▸ **INSTRUCTIONS TO FOLLOW**
Retype exactly the lines below, starting with the line that contains "6-adrige EKG-Patientenleitung mit" and ending with the last line; leave out any pictures.

▸ **COLLECTED MATERIAL**

-=-=-=-=-

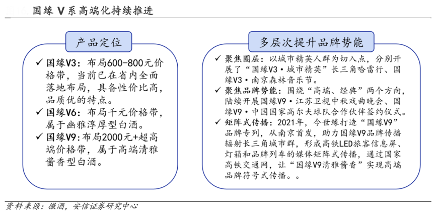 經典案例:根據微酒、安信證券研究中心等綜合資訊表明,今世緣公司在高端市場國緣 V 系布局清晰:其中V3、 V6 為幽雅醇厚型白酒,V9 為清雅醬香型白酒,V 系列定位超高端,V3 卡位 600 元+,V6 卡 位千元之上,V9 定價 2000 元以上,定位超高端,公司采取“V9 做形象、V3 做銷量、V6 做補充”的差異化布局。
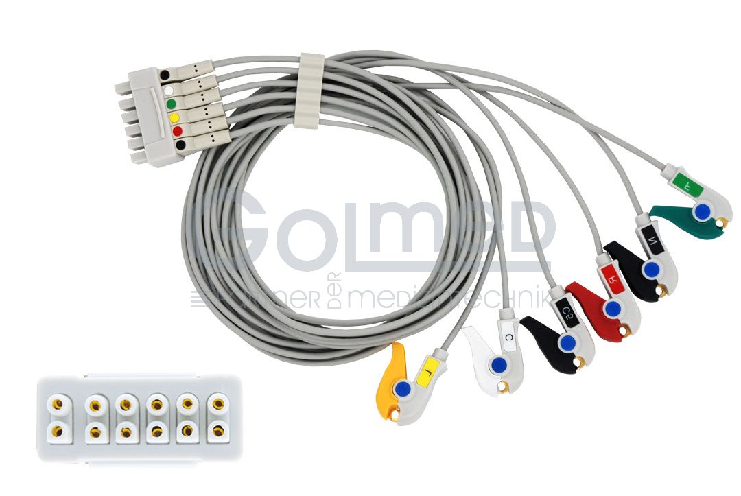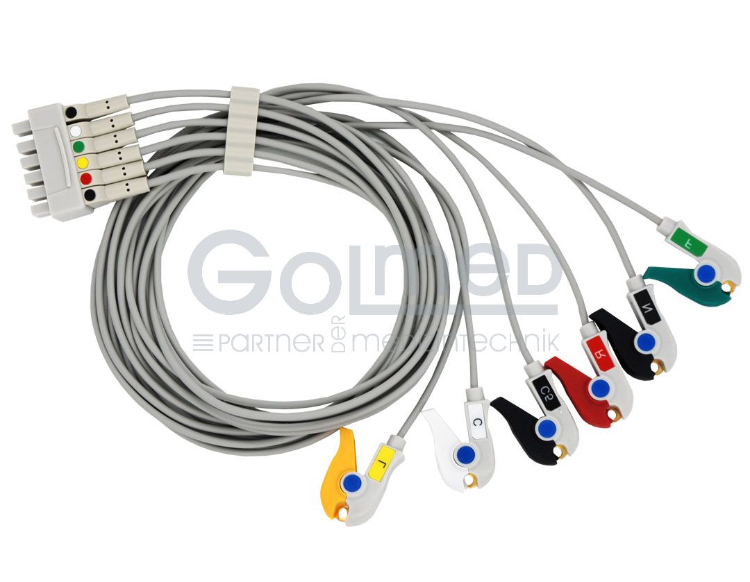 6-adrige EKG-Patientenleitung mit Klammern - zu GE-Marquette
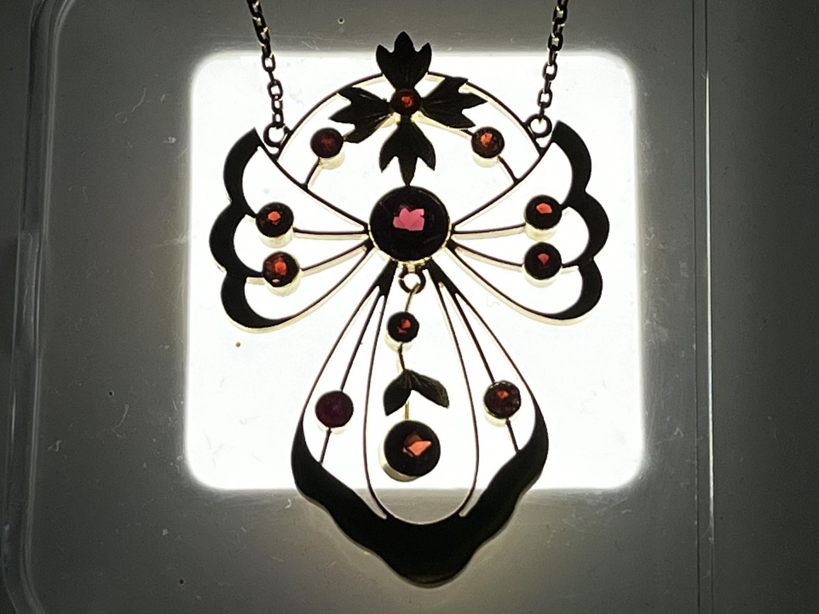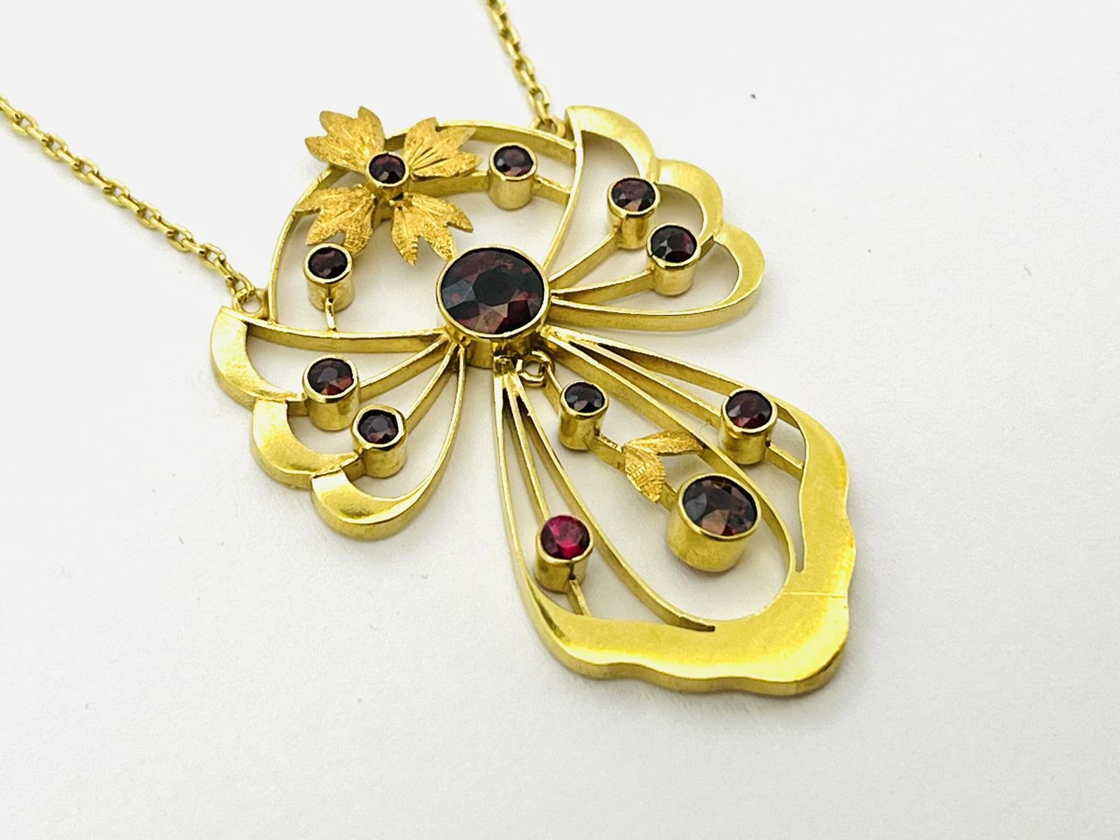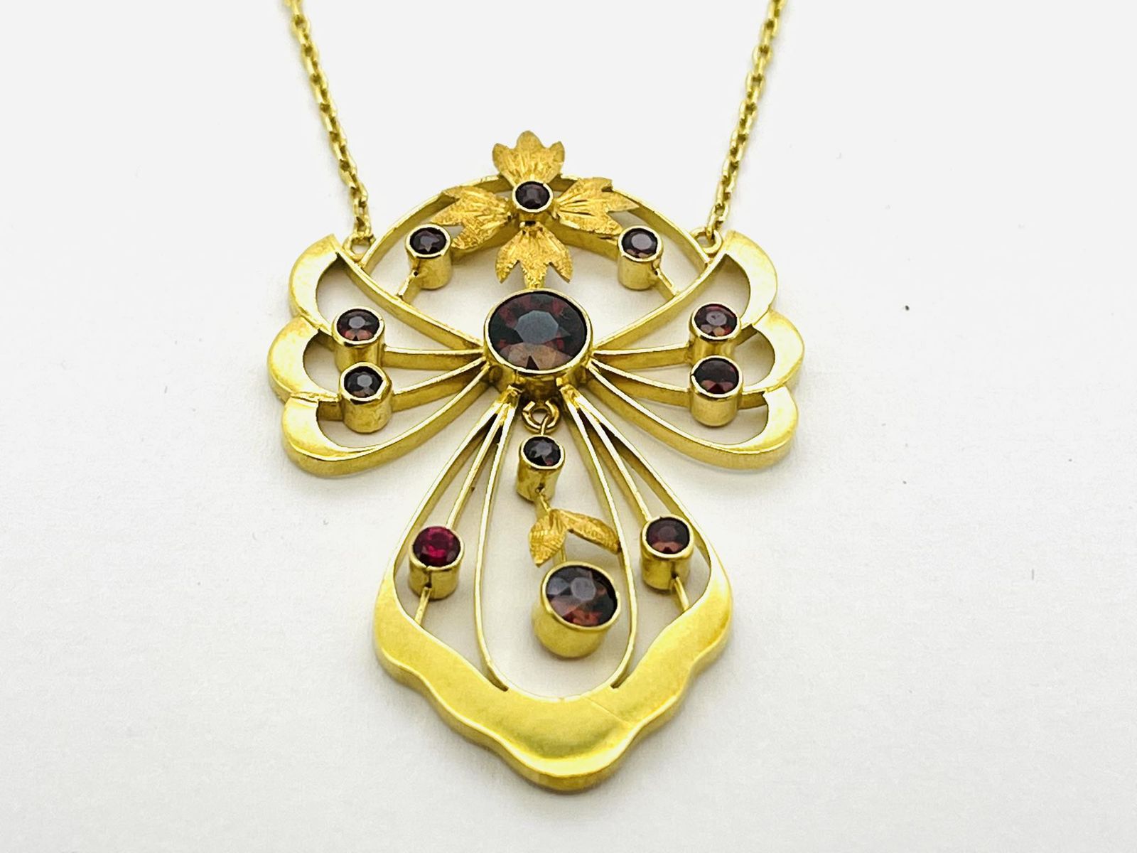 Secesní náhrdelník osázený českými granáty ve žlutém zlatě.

-=-=-=-=-

▸ **RESPONSE TO THIS TASK**
 6-adrige EKG-Patientenleitung mit Klammern - zu GE-Marquette
 Secesní náhrdelník osázený českými granáty ve žlutém zlatě.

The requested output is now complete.